Stored items:
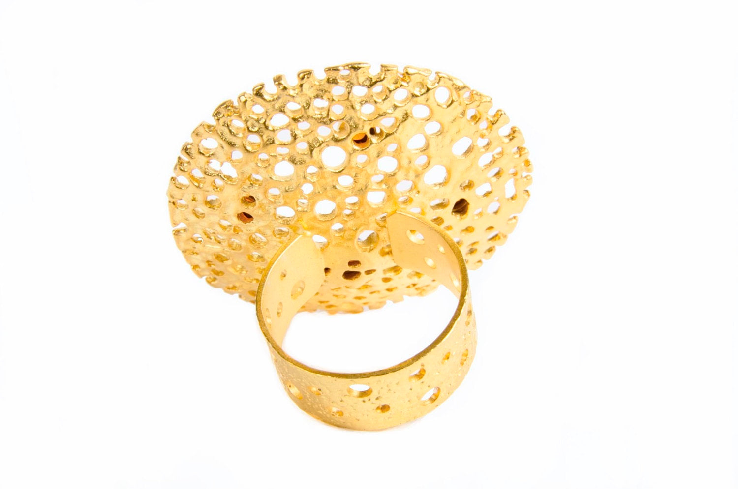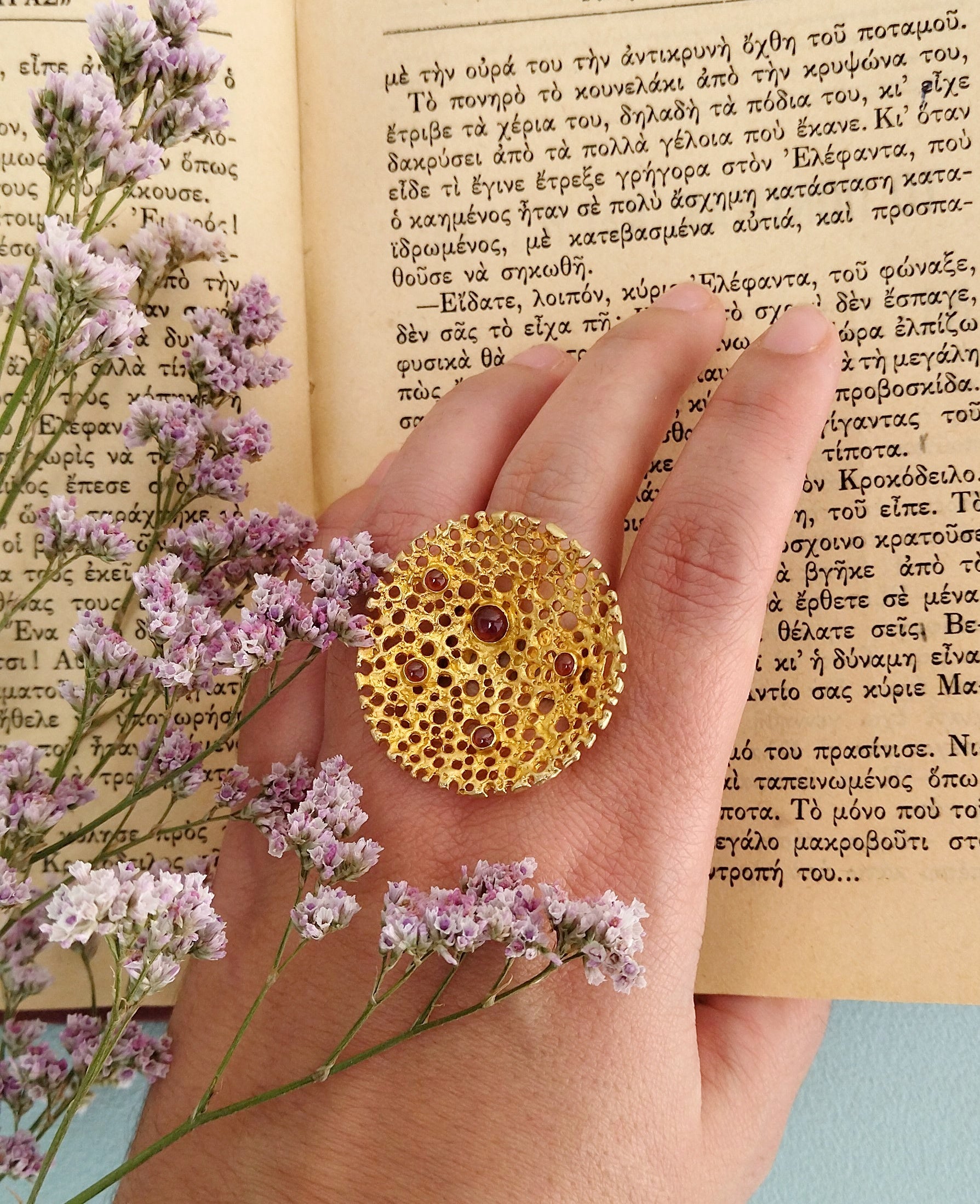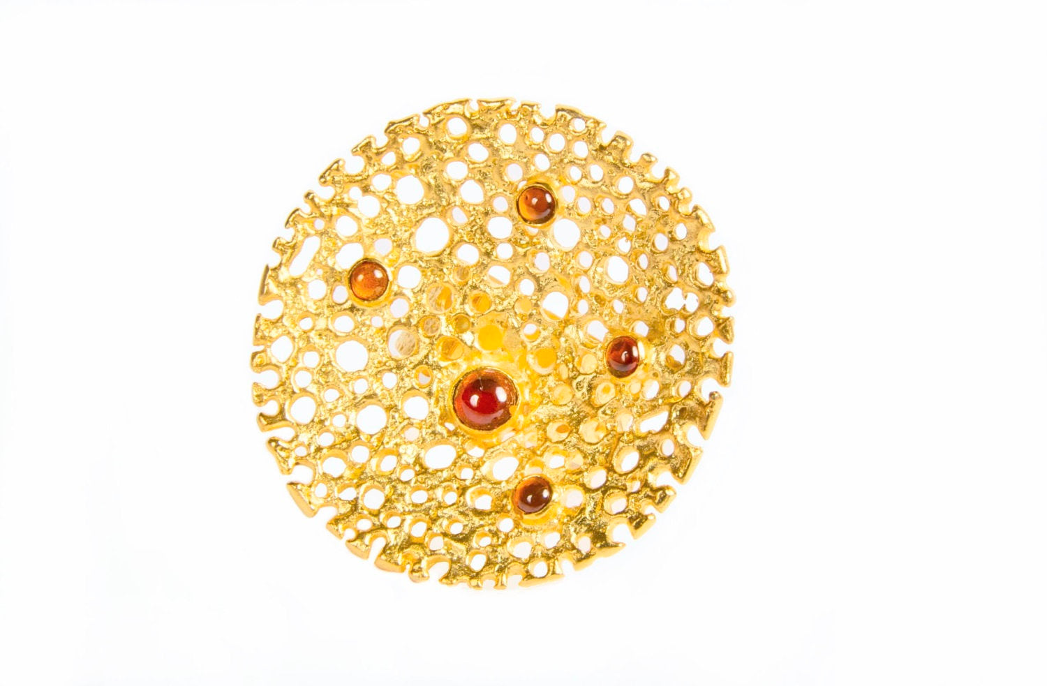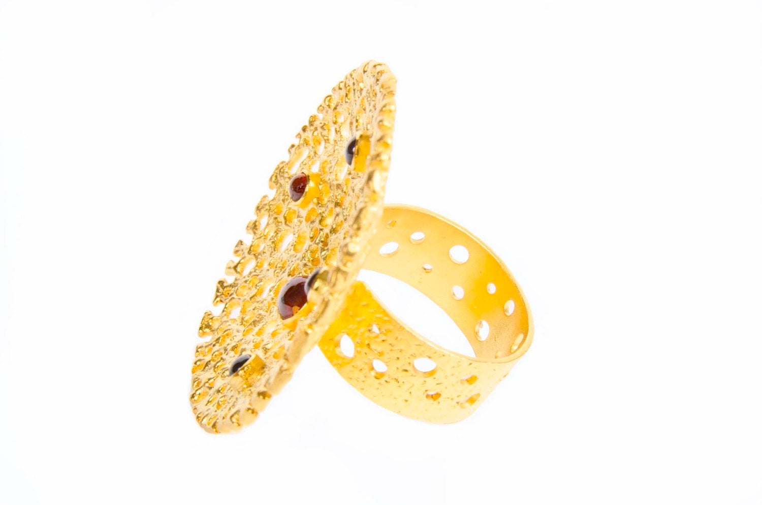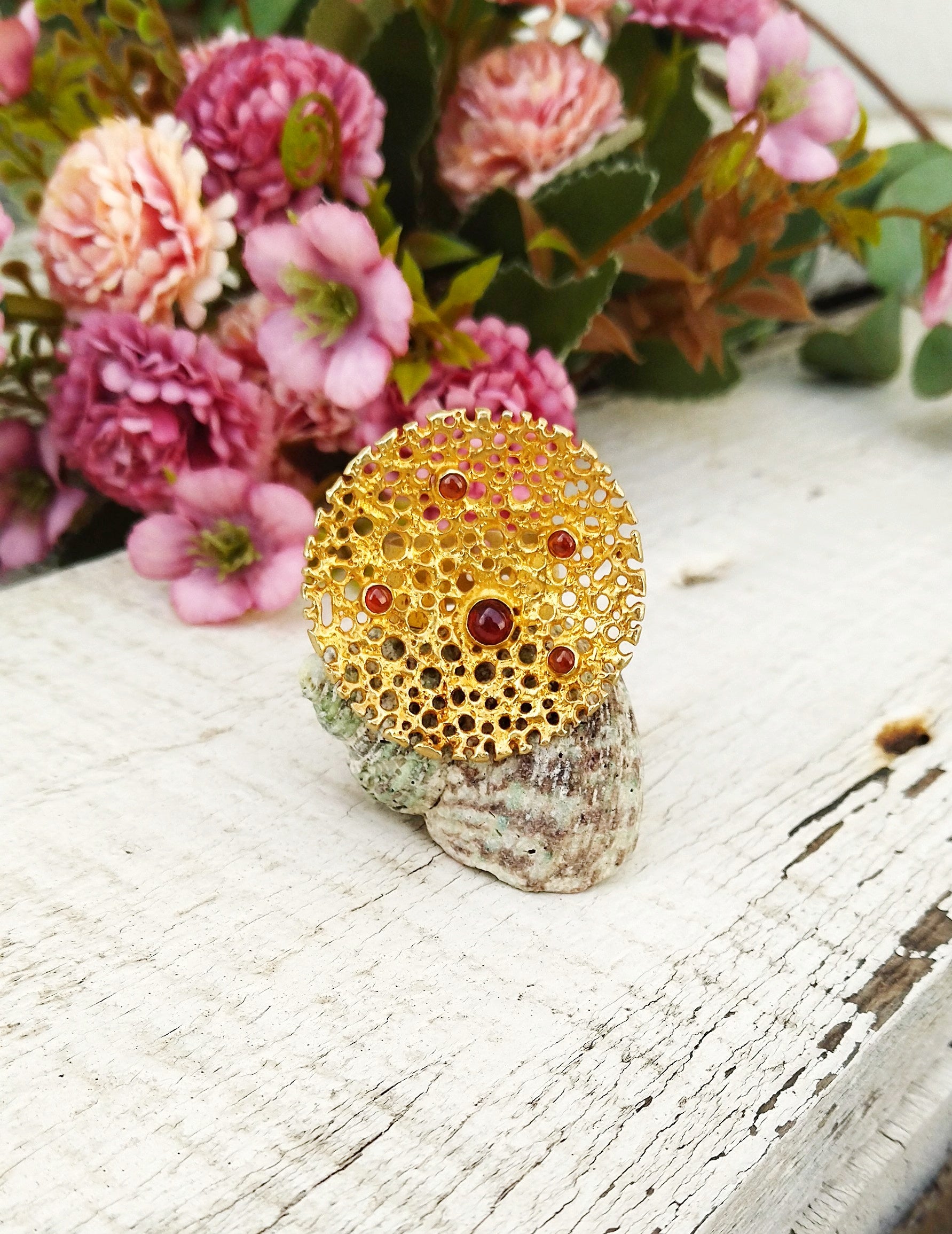 Εντυπωσιακό δαχτυλίδι σε σχήμα δίσκου με 5 υπέροχες πέτρες κορνεόλης σε ζεστό πορτοκαλί χρώμα. Φτιαγμένο από μασίφ ασήμι, επιχρυσωμένο με χρυσό 22 καρατίων. Ενα και μοναδικό κομμάτι για μια και μοναδική γυναίκα!
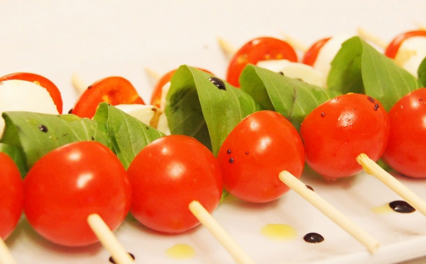 Помидоры разрезаются пополам. На шпажку нанизывается половина черри, листок базилика, небольшой кусок сыра, затем опять базилик и вторая полона черри. Перед подачей канапе поливаются бальзамическим соусом.
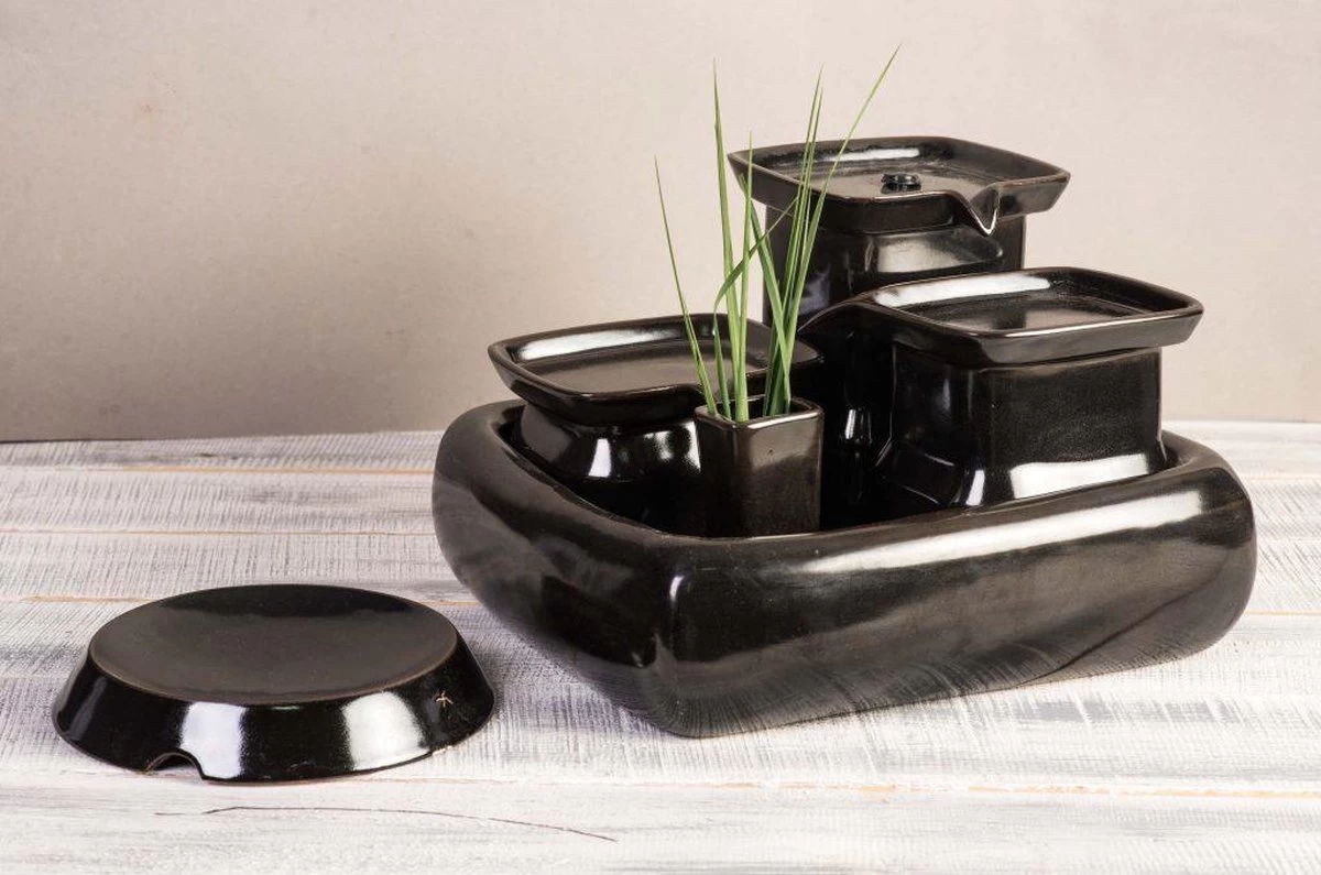 Bij deze fontein zit een bijpassende voerbak en kattengras kit.
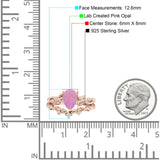 Two Piece Pear Lab Created Pink Opal Leaf Style Chevron Rings 925 Sterling Silver
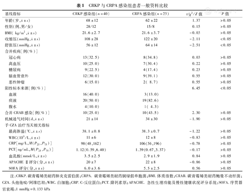 | 合并CRAB感染[例(%)] | 10(25.0) | 10(43.5) | 2.30 | >0.05 | |
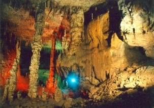 天臺山溶洞離縣城32公里,位于麟風鄉(xiāng)畢壩公路邊的老鷹巖上,具有宏、美、寬、多的特點。洞有四層,每層之間高差20~50米,互相貫通,各有廳堂,其中可開發(fā)利用3層。已探測的第二層洞面積64095平方米,長2138.2米。洞終標高1188.94米,其中:主洞長1264米,寬35米,高約25米;支洞深874.1米,寬25米,高18~25米。有10余個大廳,大者寬約100米,小者寬20~30米。洞內(nèi)次生碳酸鈣沉積物類型繁多,色彩絢麗,形成各異。單體、復合體共生,黃色、淡紅色、白色或無色透明石乳、石筍、石柱比比皆是,多以站立式、側掛式、懸垂分布式。

### Task details
Word for word, give the entries above again, with no images included.

### Response for this exercise
 Εντυπωσιακό δαχτυλίδι σε σχήμα δίσκου με 5 υπέροχες πέτρες κορνεόλης σε ζεστό πορτοκαλί χρώμα. Φτιαγμένο από μασίφ ασήμι, επιχρυσωμένο με χρυσό 22 καρατίων. Ενα και μοναδικό κομμάτι για μια και μοναδική γυναίκα!
 Помидоры разрезаются пополам. На шпажку нанизывается половина черри, листок базилика, небольшой кусок сыра, затем опять базилик и вторая полона черри. Перед подачей канапе поливаются бальзамическим соусом.
 Bij deze fontein zit een bijpassende voerbak en kattengras kit.
 Two Piece Pear Lab Created Pink Opal Leaf Style Chevron Rings 925 Sterling Silver
 | 合并CRAB感染[例(%)] | 10(25.0) | 10(43.5) | 2.30 | >0.05 | |
 天臺山溶洞離縣城32公里,位于麟風鄉(xiāng)畢壩公路邊的老鷹巖上,具有宏、美、寬、多的特點。洞有四層,每層之間高差20~50米,互相貫通,各有廳堂,其中可開發(fā)利用3層。已探測的第二層洞面積64095平方米,長2138.2米。洞終標高1188.94米,其中:主洞長1264米,寬35米,高約25米;支洞深874.1米,寬25米,高18~25米。有10余個大廳,大者寬約100米,小者寬20~30米。洞內(nèi)次生碳酸鈣沉積物類型繁多,色彩絢麗,形成各異。單體、復合體共生,黃色、淡紅色、白色或無色透明石乳、石筍、石柱比比皆是,多以站立式、側掛式、懸垂分布式。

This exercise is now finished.